July 18, 2011

 

China's hog rally likely to lose steam by September

 
 

The 16-month long rally in Chinese pork prices could start losing steam by around September as farmers bring a fresh batch of pigs to the market, China's top animal feed producer New Hope Group said Friday (Jul 15).

 

But increased supply will probably only brake the pork price, as farmers have been cautious in replenishing pig stocks due to fear of disease and concerns that high prices have already cut Chinese appetite for the meat.

 

"Supplies should improve slowly from August and recover by September, but it is still hard to say if the supply picture will change dramatically by that time," said Wang Hang, vice president of New Hope.

 

China's pork prices have been galloping higher since March 2010. They hit a record high of RMB23.61 (US$3.65)/kg in mid-June, up 57% from a year ago. The relentless rise has boosted Chinese inflation, which hit a three-year high of in June.

 

High pork prices at home mean Chinese buyers continue to import from the US, where US hog futures have already soared on expectations that China would need to import more pork.

 

The USDA report on Wednesday said China has bought nearly 130.5 million lbs of US pork in the first five months of the year, up 20 times from a year ago.

 

Pork is the most popular meat in China, where an average citizen consumes some 37 kg per year.

 

Pork prices have been driven to record highs because of a fall in the number of pigs being bred following low prices last year.

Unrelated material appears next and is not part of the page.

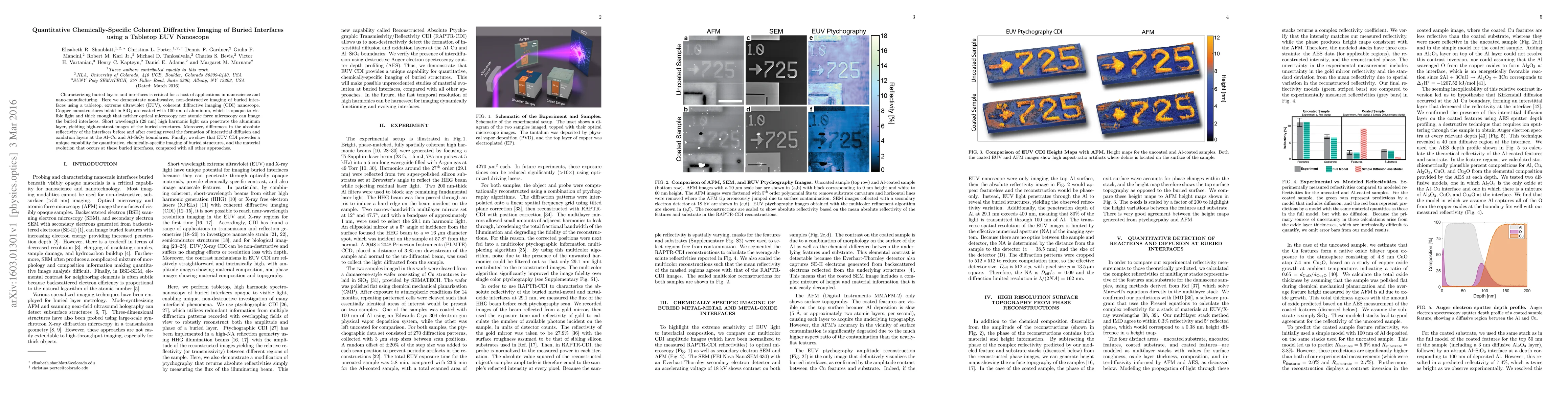 This paper demonstrates non-invasive imaging of buried interfaces using a tabletop extreme ultraviolet (EUV) coherent diffractive imaging (CDI) nanoscope, revealing interstitial diffusion and oxidation layers at the aluminum-copper and aluminum-silica boundaries. EUV CDI provides quantitative, chemically-specific imaging capabilities unattainable by other methods.

The rising price of corn at home has also forced out many small farmers.

 

Liu Yonghao, chairman of New Hope Group, said China should raise the import quota of corn processing firms, to help boost supplies and lower feed costs, which would in turn encourage farmers to rear more pigs.

 

"If China is already importing pork from the US, then why can't it import more corn?" Liu said, adding that high imports would benefit both feed mills and farmers.

 

New Hope said its feed mills have begun to replace expensive corn with wheat. Corn substitution has reached as much as 60%.

 

Industry participants estimate that China may buy more than five million tonnes of corn from the US this year as the government rebuilds its state reserves.

 

The rising costs of rearing and the high risks involved are combining to transform China's pig industry from individual household breeders to large-scale farms.

 

Backed by expectations that China's appetite for pork would grow as living standards improve, several enterprises, such as COFCO, have poured in billions of yuan to enter the pork farming business.

 

New Hope's Liu said large-scale breeding farms could make up 70-80% of the market within five to 10 years, compared with the current 60%.

 

"Such a shift has begun from the country's coastal areas to the central provinces, although the shift in western areas is still quite slow," Liu said, adding that the firm plans to set up a massive pig farm in Liaoning province, the country's major grain area.

 

Larger pig farms would in turn increase the country's demand for feed grains such as corn and soy. China is already the world's top importer of soy, a majority of which is crushed into soy meal, a key feed ingredient.